Cuando Síntica ve que la hemorragia se detiene, dice con fe:

–           Voy a ungirlo con el ungüento de María.

Mateo está palidísimo, tanto por la sangre como por el bamboleo del barco y objeta:

–                     Eso es para los dolores reumáticos de Juan…

Síntica explica:

–                     ¡Oh, lo hizo María con sus manos! Se lo aplicaré rogando a Jesús… Rogad también vosotros. El Padre Celestial nos escuchará… Y no le puede hacer ningún mal. El aceite es medicina…

Mateo encoge los hombros y Síntica va hacia la alforja de Pedro. Saca un recipiente que parece de bronce. Lo abre y toma un poco de ungüento. Lo calienta entre sus manos y lo pone sobre un trozo de lino doblado, que pone sobre la cabeza del herido y lo recuesta sobre su manto doblado como si fuera una almohada.  Y se sienta junto a él, orando mientras el herido parece adormecerse.

La acompañan en la oración todos los demás, mientras arriba la nave, sigue siendo fuertemente atacada por el mar; que sube y baja con el vaivén de las olas.

Después de un rato, se abre la portezuela y entra un marinero…

Pedro pregunta:

–                     ¿Qué sucede?

El marino responde:

–                     Estamos en peligro. Vengo a tomar incienso y las oblaciones para un sacrificio…

–                     ¡Déjate de esas cosas!

–                     Es que Nicomedes quiere hacer un sacrificio a Venus. ¡Estamos en su mar!…

Pedro dice despacio:

–                     ¡Qué está loco como él! -Luego agrega con voz fuerte-  Vengan todos. Vayamos al puente. Tal vez podamos hacer algo… –Y mirando a Síntica agrega- ¿Tienes miedo de quedarte sola con el herido y éstos dos?

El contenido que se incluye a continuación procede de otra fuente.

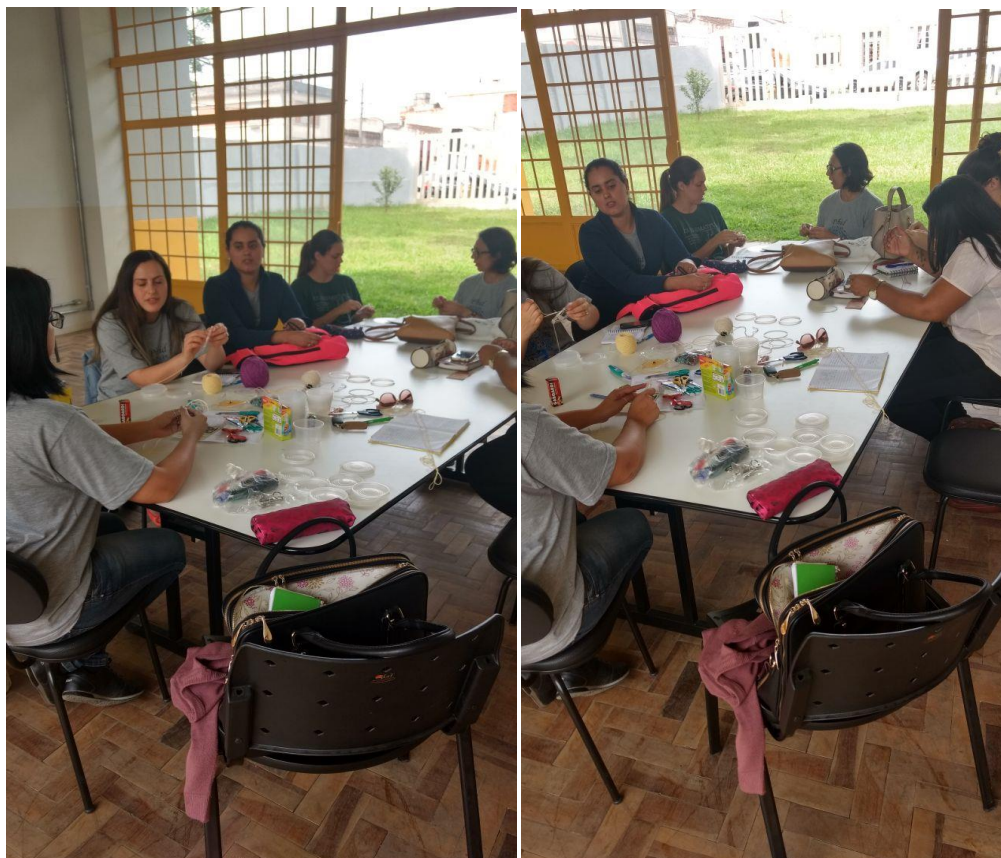
Reunião de planejamento 06/10/2017

escolhida foi a construção do filtro dos sonhos, a previsão é de que essa atividade aconteça na última semana desse mês.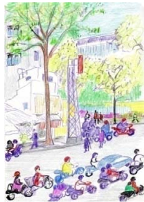
オートバイで街が占領されている。それでもきちっと歩道があるのはフランスの都市計画だからだ。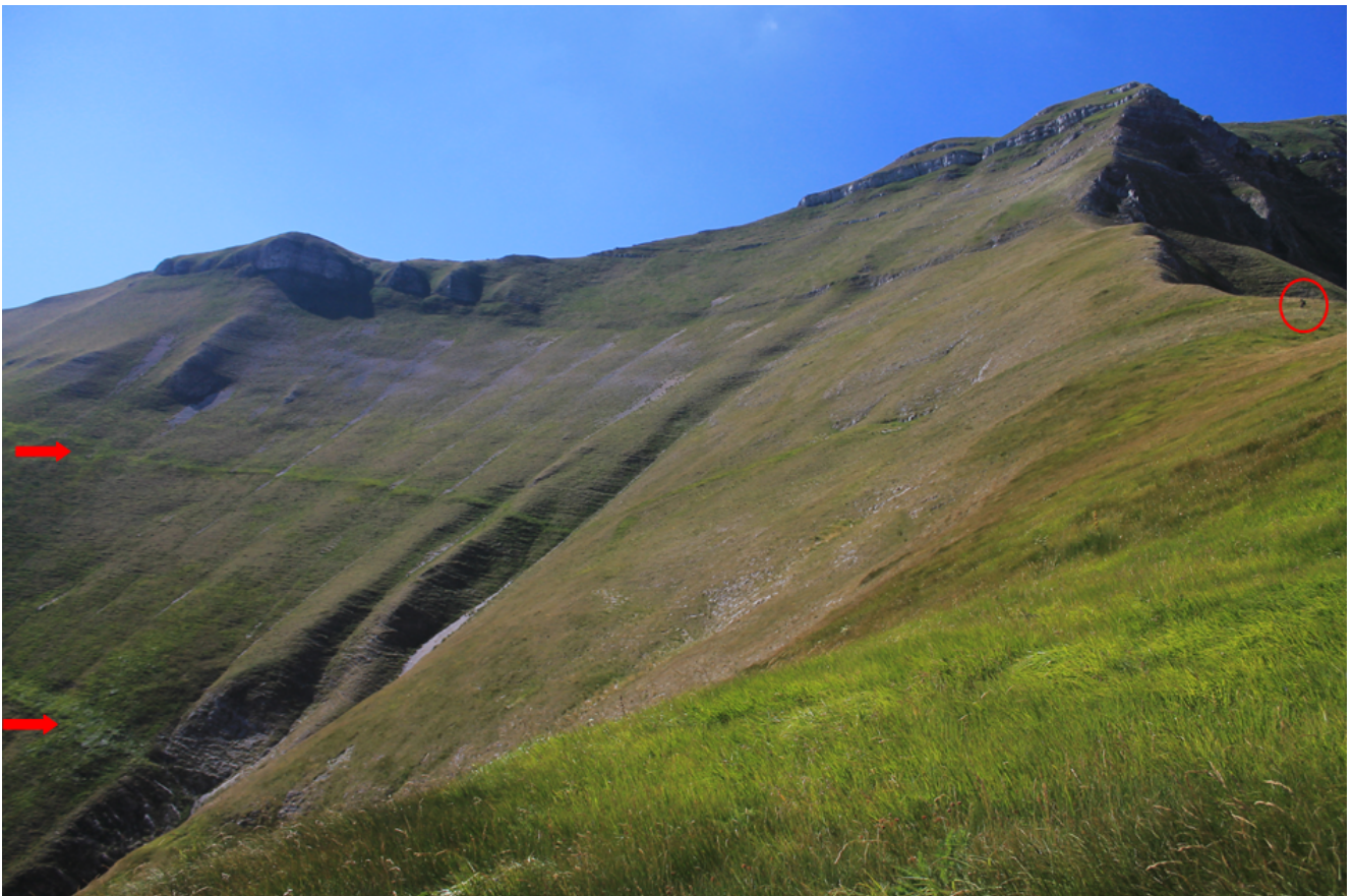
13- L'imbuto di "Mèta" nel lato sinistro della cresta di

Los dos, son Mateo y Juan de Endor que están absolutamente mareados…

Y Síntica responde:

–          ¡No! No. Id si os parece…

Mientras el grupo sube por el puente, se encuentran con el cretense que está esperando el incienso desesperado.

Lleno de rabia y a gritos dice:

–          ¿Acaso no estáis viendo que sin un milagro divino, naufragamos? ¡Es la primera vez!…  ¡La primera vez desde que navego que sucede esto!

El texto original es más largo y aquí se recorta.